▶ _WHAT NEEDS TO BE DONE_:
Repeat the data verbatim, images excluded.

▶ _DATA EXCERPT_:
* * * * * * *
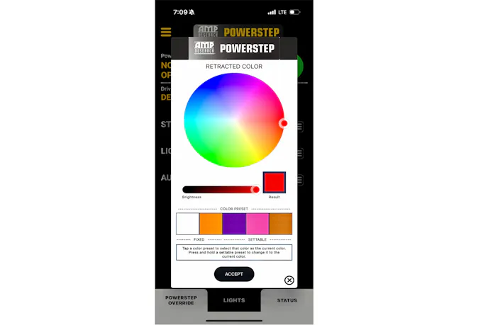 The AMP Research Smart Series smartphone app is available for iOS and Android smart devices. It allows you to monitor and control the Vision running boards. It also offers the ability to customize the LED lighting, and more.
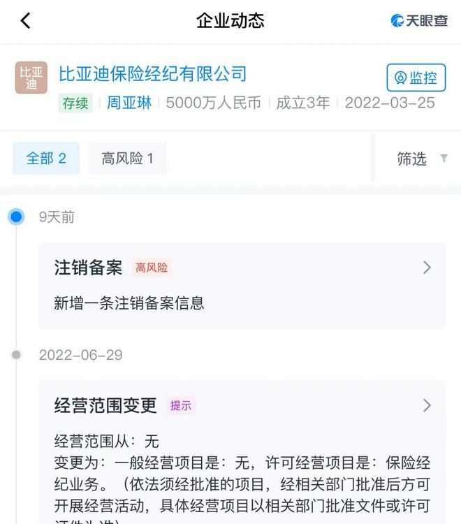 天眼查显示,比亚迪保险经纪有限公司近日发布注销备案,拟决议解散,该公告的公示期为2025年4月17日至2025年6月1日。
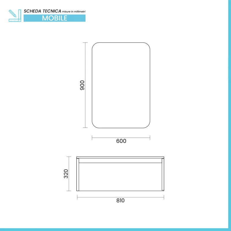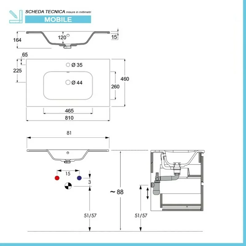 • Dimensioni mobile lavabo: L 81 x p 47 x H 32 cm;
* * * * * * *
▶ _RESULT_:
 The AMP Research Smart Series smartphone app is available for iOS and Android smart devices. It allows you to monitor and control the Vision running boards. It also offers the ability to customize the LED lighting, and more.
 天眼查显示,比亚迪保险经纪有限公司近日发布注销备案,拟决议解散,该公告的公示期为2025年4月17日至2025年6月1日。
 • Dimensioni mobile lavabo: L 81 x p 47 x H 32 cm;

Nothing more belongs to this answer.